What is expected:
Ignoring every picture, return the lines of the listing below word for word, from the line that holds "dialogan con la" through the line that holds "This embroidered mesh".

Dataset content:
■ ■ ■ ■ ■ ■ ■

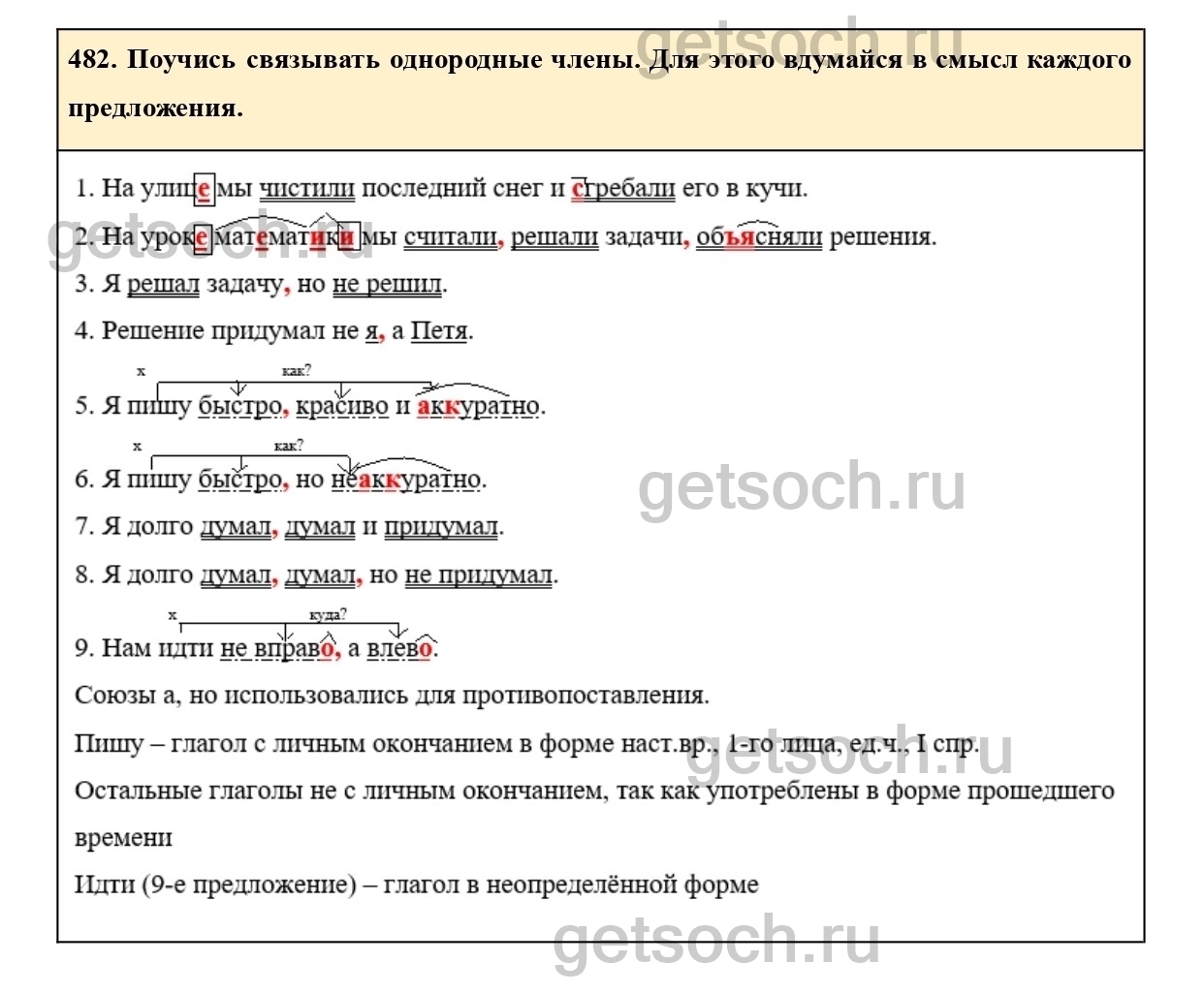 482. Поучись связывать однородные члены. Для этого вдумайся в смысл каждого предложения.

■ ■ ■ ■ ■ ■ ■

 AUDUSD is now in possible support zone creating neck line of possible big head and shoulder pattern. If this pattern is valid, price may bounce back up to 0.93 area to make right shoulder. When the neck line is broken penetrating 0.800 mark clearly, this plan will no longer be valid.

■ ■ ■ ■ ■ ■ ■

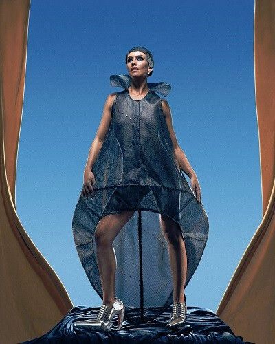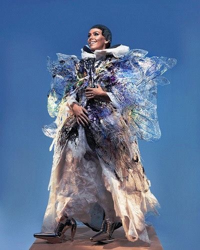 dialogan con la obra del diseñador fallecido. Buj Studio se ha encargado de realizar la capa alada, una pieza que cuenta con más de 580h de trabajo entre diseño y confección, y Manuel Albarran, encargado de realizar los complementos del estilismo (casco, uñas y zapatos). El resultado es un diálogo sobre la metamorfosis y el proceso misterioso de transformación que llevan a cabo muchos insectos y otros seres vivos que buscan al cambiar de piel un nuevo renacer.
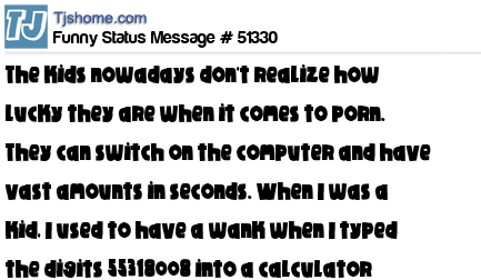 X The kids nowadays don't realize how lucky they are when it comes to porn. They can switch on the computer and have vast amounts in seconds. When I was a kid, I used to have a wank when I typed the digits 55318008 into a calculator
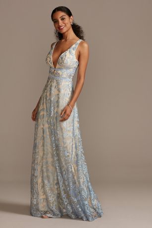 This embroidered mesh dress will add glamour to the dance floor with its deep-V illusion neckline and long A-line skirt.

■ ■ ■ ■ ■ ■ ■

Solution to this task:
 dialogan con la obra del diseñador fallecido. Buj Studio se ha encargado de realizar la capa alada, una pieza que cuenta con más de 580h de trabajo entre diseño y confección, y Manuel Albarran, encargado de realizar los complementos del estilismo (casco, uñas y zapatos). El resultado es un diálogo sobre la metamorfosis y el proceso misterioso de transformación que llevan a cabo muchos insectos y otros seres vivos que buscan al cambiar de piel un nuevo renacer.
 X The kids nowadays don't realize how lucky they are when it comes to porn. They can switch on the computer and have vast amounts in seconds. When I was a kid, I used to have a wank when I typed the digits 55318008 into a calculator
 This embroidered mesh dress will add glamour to the dance floor with its deep-V illusion neckline and long A-line skirt.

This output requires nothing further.